Plan Communal de Sauvegarde (PCS) | Plan Intercommunal de Sauvegarde (PICS)
Connecter les territoires devient alors une des principales interrogations dans les démarches de planification des risques et la législation tend aujourd’hui à orienter les collectivités dans cet axe.
En effet, la Loi Matras du 25 novembre 2021 consolide le modèle de sécurité civile et modernise les services d’incendie et de secours. 6 grands objectifs sont mis en avant :
Dans le cadre de l’enrichissement de l’anticipation et de la gestion de crise, l’extension des PCS à d’autres risques ainsi que l’instauration d’une approche intercommunale obligatoire pour les collectivités font leur apparition. Un plan intercommunal de sauvegarde (PICS) est rendu obligatoire, dans les cinq ans, pour tous les EPCI à fiscalité propre "dès lors qu'au moins une des communes membres est soumise à l'obligation d'élaborer un plan communal de sauvegarde".
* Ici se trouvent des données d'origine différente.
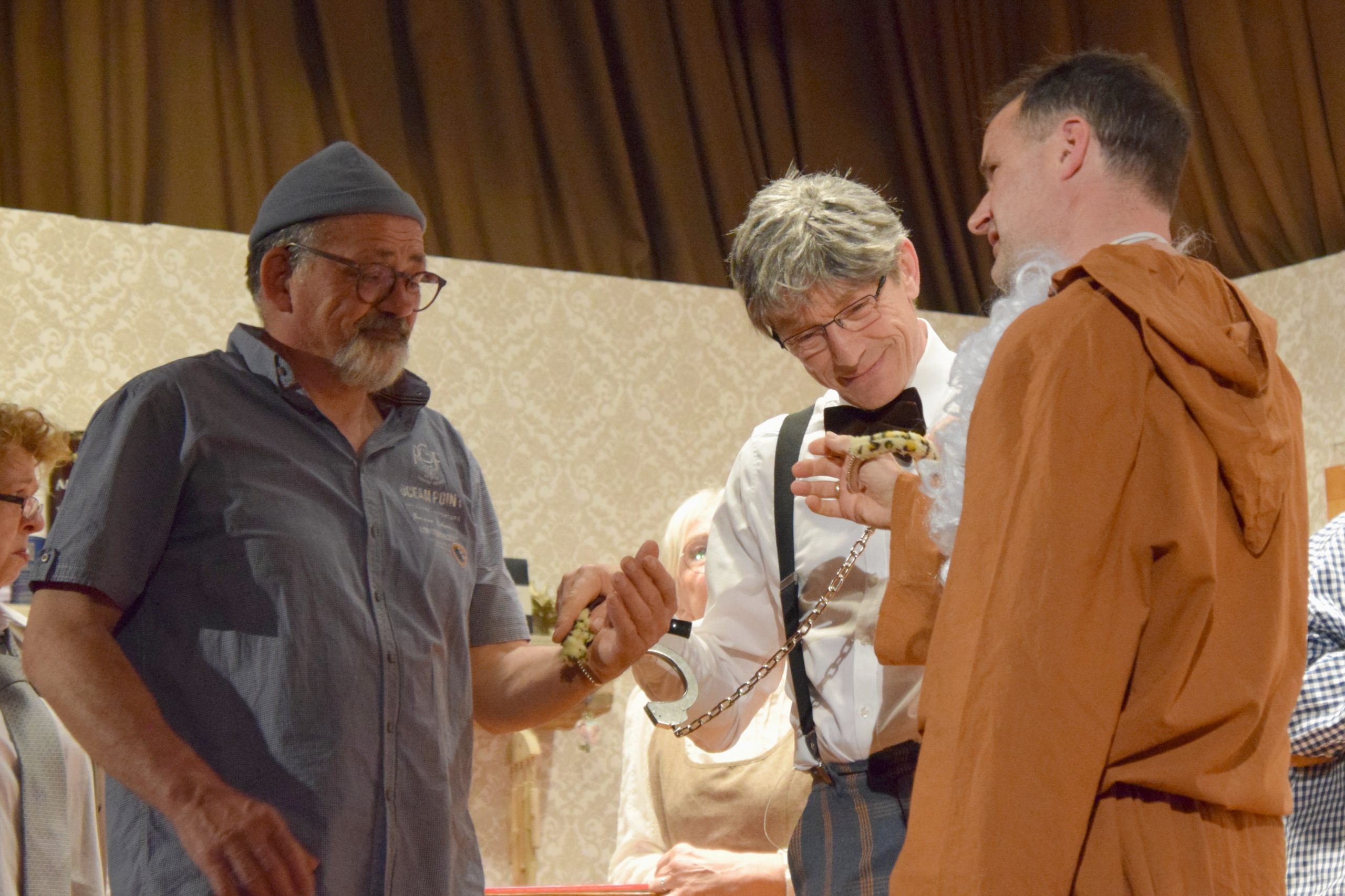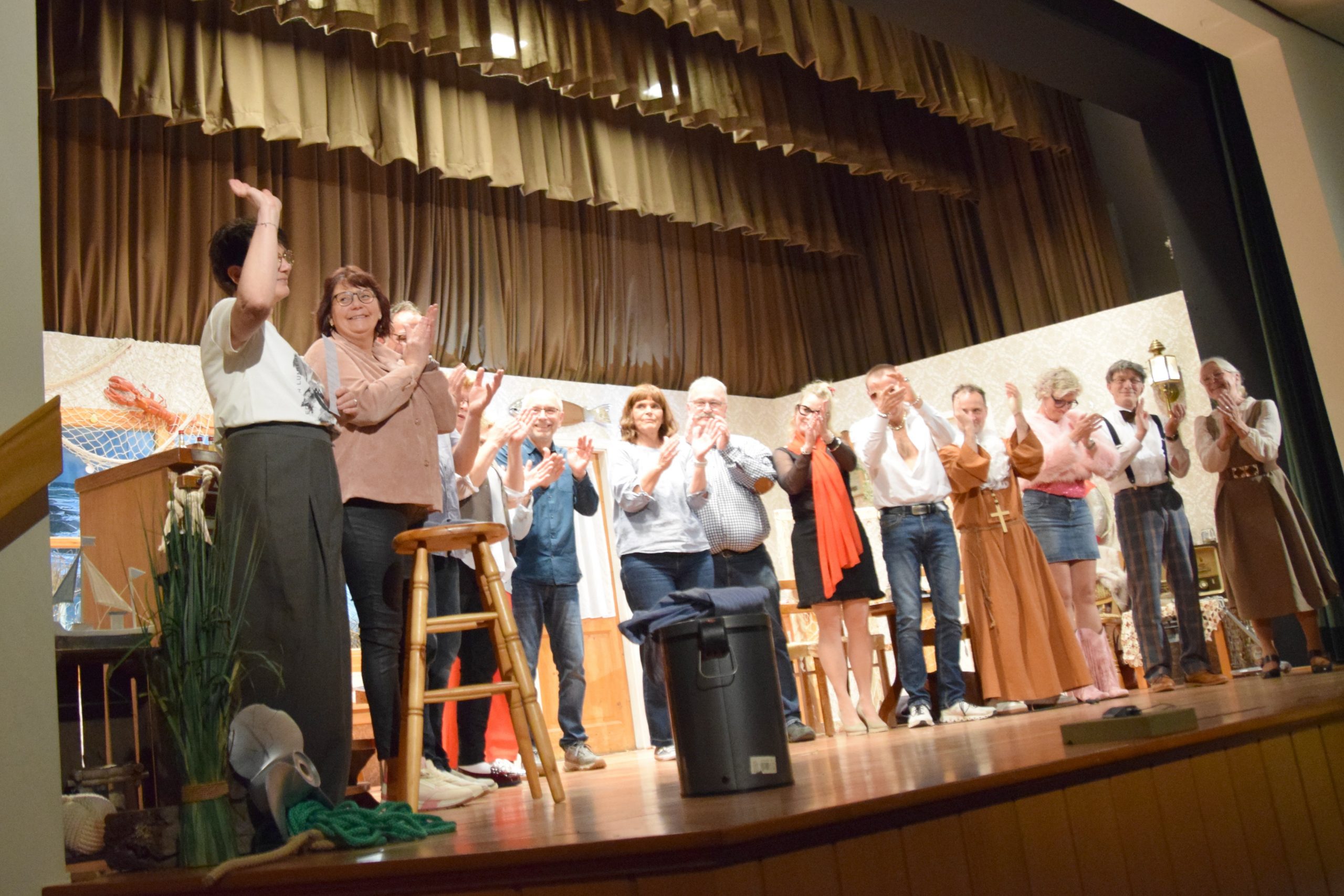 In drei ausverkauften Vorstellungen hat die Theatergruppe Neuenbeken am vergangenen Wochenende ihrem begeisterten Publikum mörderischen Spaß mit der Krimikomödie “Nur der Hering war Zeuge” geboten. Auf der Bühne in der Aula des Missionshauses löste Alt-Kommissar Stringer drei Mal einen vermeintlichen Mordfall im friesischen Inselhotel – allerdings unter erheblichem Tohuwabohu mit den mysteriösen Hotelgästen, dem Personal, seiner nervenden Gattin, viel zu viel Sanddornlikör und nicht zuletzt unter heftigen Lachsalven. Das neue Stück des ostfriesischen Autors Wolfgang Santjer präsentierten die Neuenbeker Schauspielerinnen und Schauspieler als Uraufführung.

Les événements passés et plus récents démontrent la capacité d’une catastrophe à impacter, paralyser et dépasser les frontières communales. Les inondations meurtrières des vallées de la Roya et de la Vésubie, les 2 et 3 octobre 2020, l’incendie de l’usine Lubrizol, à Rouen, le 26 septembre 2019, ou bien encore, le cyclone IRMA ayant touché les Caraïbes, entre le 30 août et 17 septembre 2017, sont des exemples clés pour illustrer ces propos. Ces catastrophes naturelles mettent en exergue la pluralité des vulnérabilités territoriales et l’hétérogénéité des capacités de résiliences communales.
Face à l’ampleur de ces événements, une collaboration intercommunale est bien souvent mise en place de manière informelle. La gestion de la crise se fait alors entre différents espaces : les espaces à secourir, plus vulnérables (en fonction de paramètres sociaux, d’exposition à l’aléa, d’accessibilité, de ressources, etc.) et les espaces ressources, c'est-à-dire, ceux qui disposent des moyens matériels et décisionnels de protection, de secours et de récupération (d’Ercole et al., 2012). La réponse opérationnelle se matérialise par des flux entre ces deux espaces et la mise en travail d’individus plus ou moins connaisseurs de la gestion de crise et qui n’ont pas toujours l’habitude de travailler ensemble.
Le Plan intercommunal de sauvegarde apparait comme un dispositif essentiel, pour la résilience territoriale, et permettant de se rapprocher d’une « gestion par bassin de risque ». Ce dispositif a pour vocation de pallier les incertitudes et les difficultés rencontrées par les gestionnaires vis-à-vis de la cohérence des moyens humains, techniques et organisationnels et de l’uniformité des « documents » en considérant l’aléa dans sa globalité.
La métropole de Bordeaux a missionné en mars 2019 le bureau d’études RisCrises pour actualiser et harmoniser les PCS de 17 communes soumises au risque inondation par les débordements de la Garonne et de la Dordogne.
En 2014, le territoire de Bordeaux Métropole est désigné Territoire à Risque important d’Inondation (TRI) pour les risques de débordement de cours d’eau et de submersion marine. Il présente une particularité géographique du fait de sa situation à la confluence des fleuves Garonne et Dordogne en fond d’estuaire de la Gironde. La métropole bordelaise est ainsi soumise à un régime fluvio-maritime.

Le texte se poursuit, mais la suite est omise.